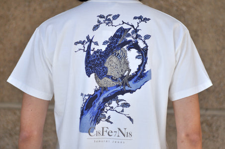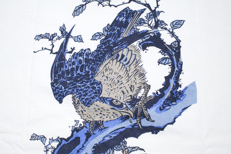 This graphic tee draws inspiration from one of the most iconic styles of traditional Japanese woodblock printing: Aizuri-e (also known as “Indigo Print Pictures”). Characterized by the exclusive use of indigo ink, this art form creates striking visuals with minimal color — and maximum depth. Featured here is one of the most legendary motifs: the White Falcon — a bold, timeless symbol brought to life in rich indigo tones!
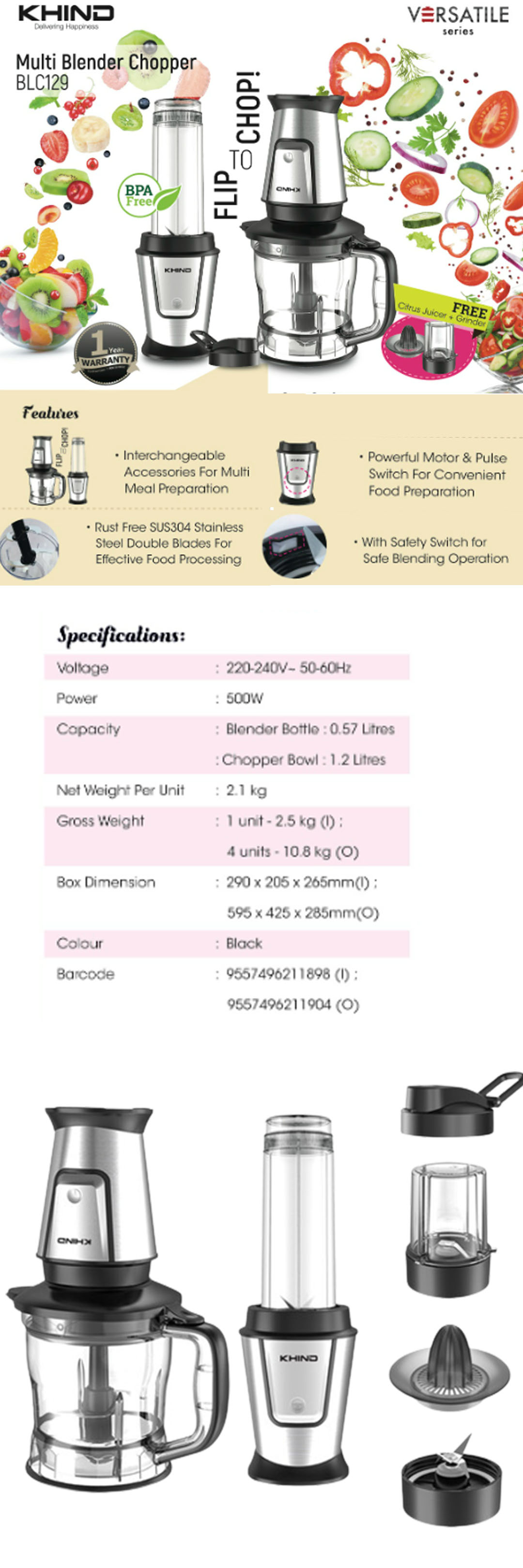 KHIND 1.2L Multi Blender Chopper BLC129 | FREE Citrus Juicer + Grinder | BPA Free | Rust Free SUS304 Stainless Steel Double Blades | Multi Blender Chopper with 1 Year Warranty
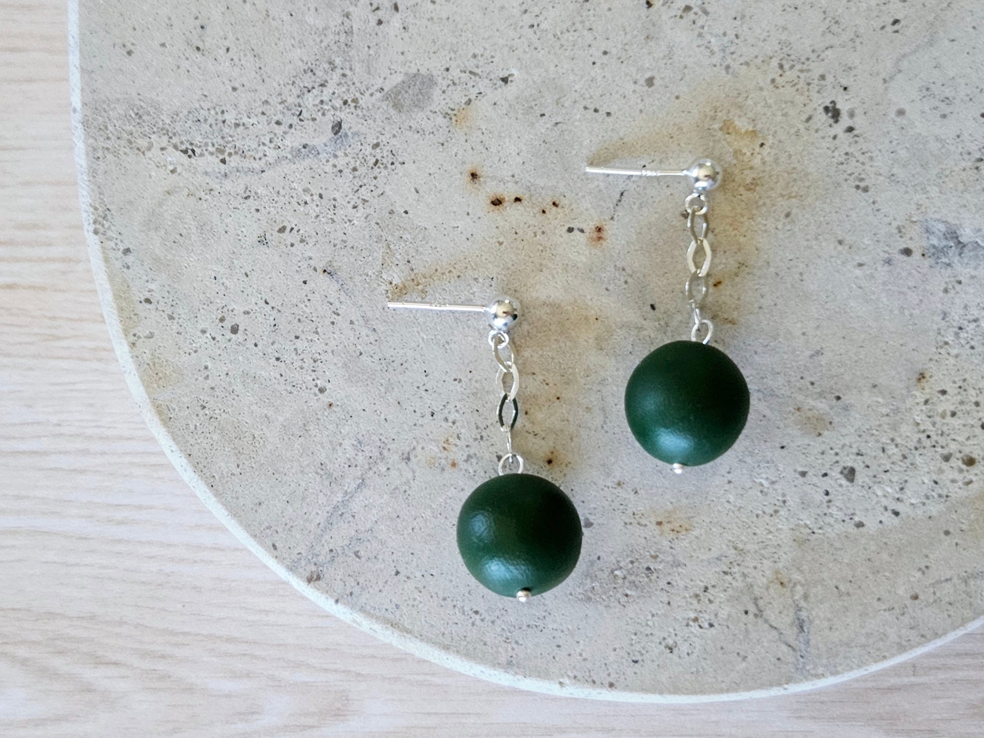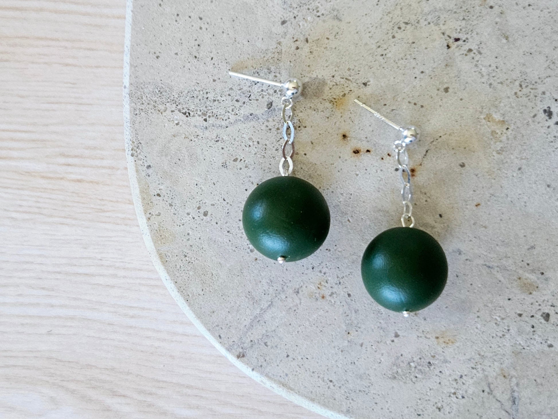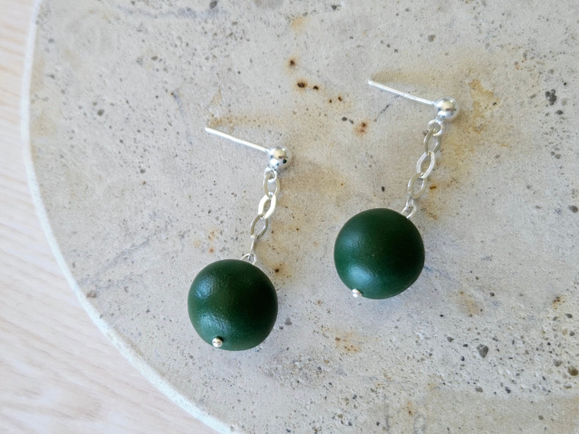 Contemporary Hand-rolled Bead Sterling Silver Earrings Green

-*-*-

### Your task
Transcribe all data precisely. Pictures are not copied.

### Problem solution
 This graphic tee draws inspiration from one of the most iconic styles of traditional Japanese woodblock printing: Aizuri-e (also known as “Indigo Print Pictures”). Characterized by the exclusive use of indigo ink, this art form creates striking visuals with minimal color — and maximum depth. Featured here is one of the most legendary motifs: the White Falcon — a bold, timeless symbol brought to life in rich indigo tones!
 KHIND 1.2L Multi Blender Chopper BLC129 | FREE Citrus Juicer + Grinder | BPA Free | Rust Free SUS304 Stainless Steel Double Blades | Multi Blender Chopper with 1 Year Warranty
 Contemporary Hand-rolled Bead Sterling Silver Earrings Green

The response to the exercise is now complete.